Journalists escorted into Bab Al-Aziziyah after Zuma arrived found a group of around 160 African visitors to Libya chanting pro-Gaddafi slogans and waving flags of nations including Chad, Niger and Ghana, in an apparent show of pan-African unity.
Britain said on Sunday it was to add "bunker-busting" bombs to the arsenal its warplanes are using over Libya, a weapon it said would send a message to Gaddafi that it was time to quit.
"Our operation in Libya is achieving its objectives ... We have seriously degraded Gaddafi's ability to kill his own people," NATO Secretary-General Anders Fogh Rasmussen told a NATO forum in Varna, Bulgaria.
"Gaddafi's reign of terror is coming to an end," he said.
Gaddafi denies attacking civilians, saying his forces were obliged to act to contain armed criminal gangs and al Qaeda militants.

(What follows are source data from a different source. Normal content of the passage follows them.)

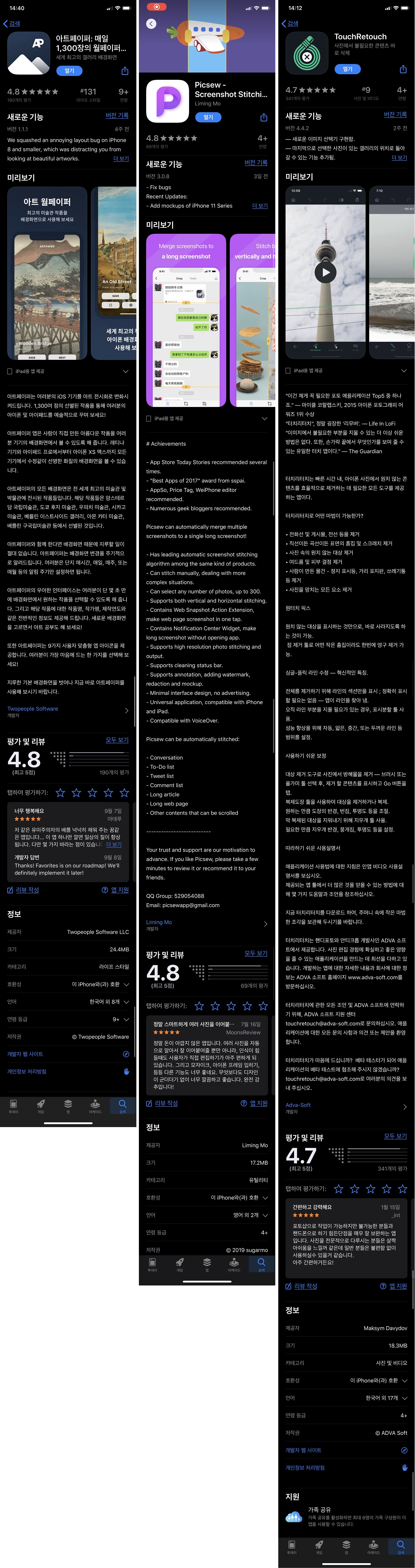 소개할 어플은 아트페이퍼, Picsew, Touch ReTouch입니다. 순서대로 배경화면 다운받는 어플, 스크롤 스크린샷을 만들 수 있는 어플, 사진 중 특정 영역을 지울 수 있는 편집 어플이에요.
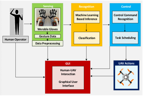 The proposed architecture for hand movement prediction and UAV guidance through an intelligent pair of gloves consisting of the sensor systems, the recognition system, the control system, the GUI (Graphical User Interface), and the part where the user controls the UAV’s movements.
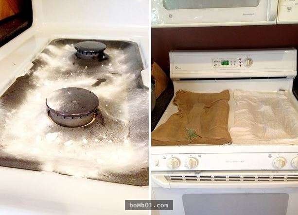 ▼9. 瓦斯爐灶髒兮兮?把小蘇打粉全部鋪在上方,靜置一段時間後便可清洗乾淨!

He says the NATO intervention is an act of colonial aggression aimed at grabbing Libya's plentiful oil reserves.
NATO increases military pressure
Britain and other NATO powers are ratcheting up the military pressure to break a deadlock that has seen Gaddafi hold on to power despite a rebellion and weeks of air strikes.
US Admiral Samuel Locklear, commander of the Joint Operations Command at Naples, declined to comment on whether NATO would put forces on the ground but suggested a small force may be needed to help the rebels once Gaddafi's rule collapses.
Britain said the Enhanced Paveway III bombs, each weighing nearly a tonne and capable of penetrating the roof or wall of a reinforced building, had arrived at the Italian air base from where British warplanes fly missions over Libya.
The military alliance says it is acting under a mandate from the United Nations to protect civilians from attack by security forces trying to put down the rebellion against Gaddafi.
But the more aggressive tactics risk causing divisions within the fragile alliance backing the intervention, and could also lead to NATO being dragged closer towards putting its troops on Libyan soil, something it is anxious to avoid.
13 people killed in Zlitan
Further deepening their involvement, Britain and France have said they will deploy attack helicopters over Libya to better pick out pro-Gaddafi forces. Helicopters are more vulnerable to attack from the ground than high-flying warplanes.
Rebels control the east of Libya around the city of Benghazi, Libya's third-biggest city Misrata, and a mountain range stretching from the town of Ziltan, 150 km (95 miles) south of Tripoli, towards the border with Tunisia.
Helped by NATO air support, the rebels have been able to repel attacks by pro-Gaddafi forces but in many places they are still under bombardment and cut off from supplies.
Libyan state television reported that NATO air strikes killed 13 people in Zlitan on Monday, the next town westwards on the coast road towards Tripoli from Misrata.
The state news agency Jana also reported that NATO air strikes hit the Tiji area, near the Western Mountain town of Nalut, overnight, causing "human and material losses".